Now that just seems like a strange way of doing a redetection of hardware, but then again we are talking about windows which often results in these odd problems.

I've never had to work with anything that mission critical myself, but I have to wonder what would make someone think of doing that in the first place, I've NEVER heard of shift+F10 during an install!

Originally posted by: VirtualLarry
Perhaps add a "/stdide" switch to the BOOT.INI OS-loader commandline?

That's one of the very few features that I thought made W2K a much more "fragile" OS than Win9x ever was, because Win9x can always resort to a fail-safe mode of using "MS-DOS Compatibility mode"

I agree, while of course reverting to something as horribly slow as "compatibility mode" sucks for speed, it would potentially allow you to change/remove the old ide controller and allow something standard to be installed after you can no longer boot (failure/etc) Safe mode should be just that, a bare minimum load of windows that allows you access to some standard components/gui for diagnostic/troubleshooting.

The "recovery console" is mostly useless since you can't easily remove faulty devices, and if your SAM file is corrupt then you can't even login to it as administrator anyways (granted you won't be able to do anything at this point short of restore an old copy using something like ntfsdos or using another bootable computer with the drive slaved.)

In 9x you could so easily go into safe mode, remove ALL devices from device manager and reboot (might need to force installation via "add new hardware wizard") but you can totally recover. I wouldn't even think of doing this in 2k/xp!
 

Smilin

Diamond Member
Mar 4, 2002
7,357
0
0
Originally posted by: McMadman
I agree, while of course reverting to something as horribly slow as "compatibility mode" sucks for speed, it would potentially allow you to change/remove the old ide controller and allow something standard to be installed after you can no longer boot (failure/etc) Safe mode should be just that, a bare minimum load of windows that allows you access to some standard components/gui for diagnostic/troubleshooting.

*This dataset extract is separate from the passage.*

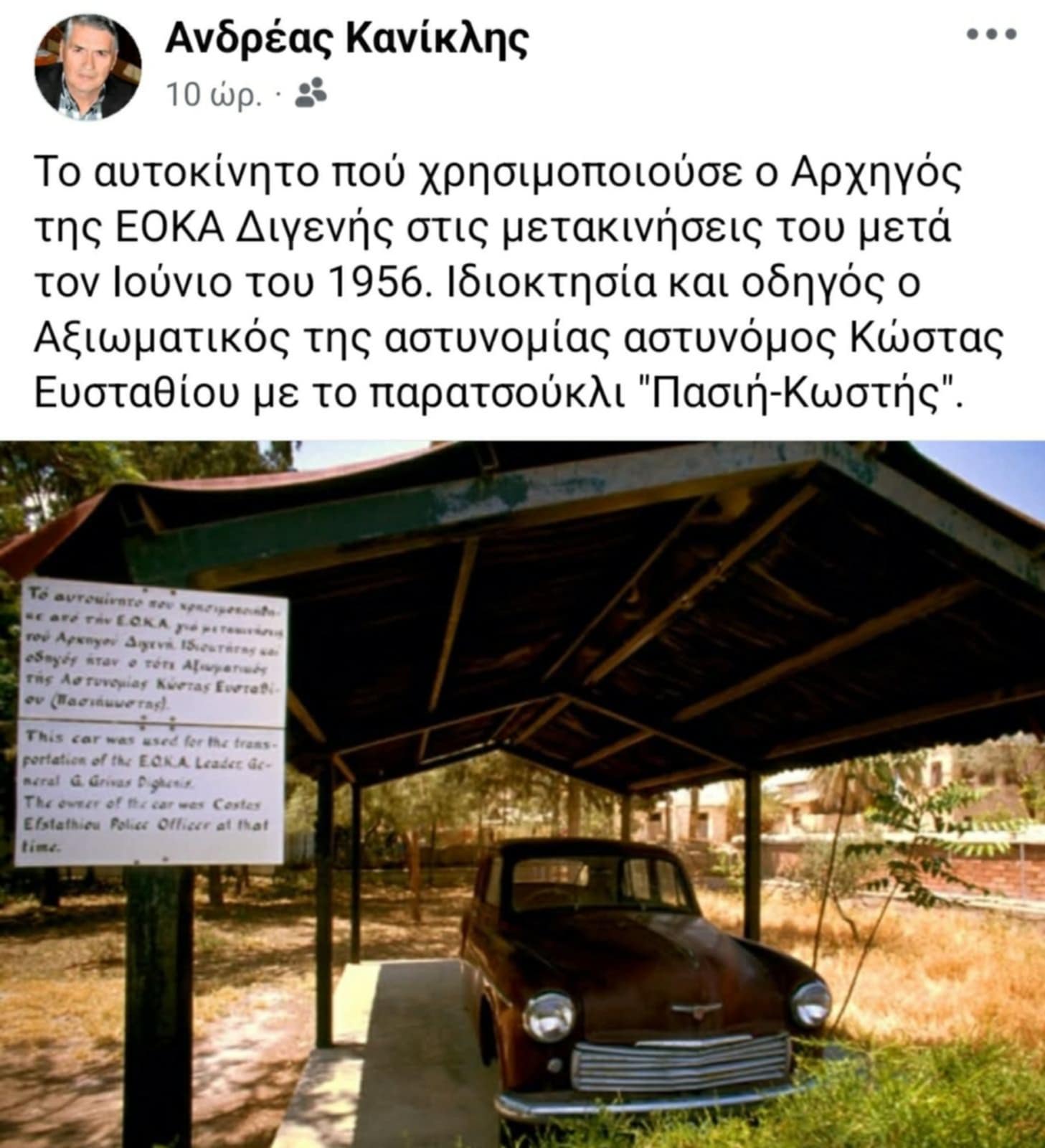 • Παρεμπιπτόντως η αρχαιολογική σκαπάνη της ΞΥΠ μέσω του ανυπέρβλητου ΑΝΤΡΕΑ ΚΑΝΙΚΛΗ σας παρουσιάζει μια άγνωστη πτυχή της ιστορίας που αφορά τον Κωστή Ευσταθίου. Ο παππούς του ανυπέρβλητος – σκληροτράχηλος αξιωματικός αστυνομίας (καμία σύγκριση με ορισμένους εκ των σημερινών φλώρων) αστυνόμος ΚΩΣΤΑΣ ΕΥΣΤΑΘΙΟΥ με το προσωνύμιο πασιηΚωστής ήταν ο προσωπικός σωματοφύλακας και οδηγός στις μετακινήσεις με το δικό του αυτοκίνητο του Αρχηγού της ΕΟΚΑ Στρατηγού Γεώργιου Γρίβα- Διγενή. Έτσι προς υπενθύμιση και γνώση…

You're kindof assuming that the failed drive is ATA. Might by SCSI, SATA or RAID. It's a tough transition to bootstrap a computer up from int13 calls all the way to 32/64bit preemptive multitasking. They have crammed quite a bit of cleverness in there already. If you want some kinda compatibility mode you're going to have to throw a pretty big wrench into the architecture.

The "recovery console" is mostly useless since you can't easily remove faulty devices, and if your SAM file is corrupt then you can't even login to it as administrator anyways (granted you won't be able to do anything at this point short of restore an old copy using something like ntfsdos or using another bootable computer with the drive slaved.)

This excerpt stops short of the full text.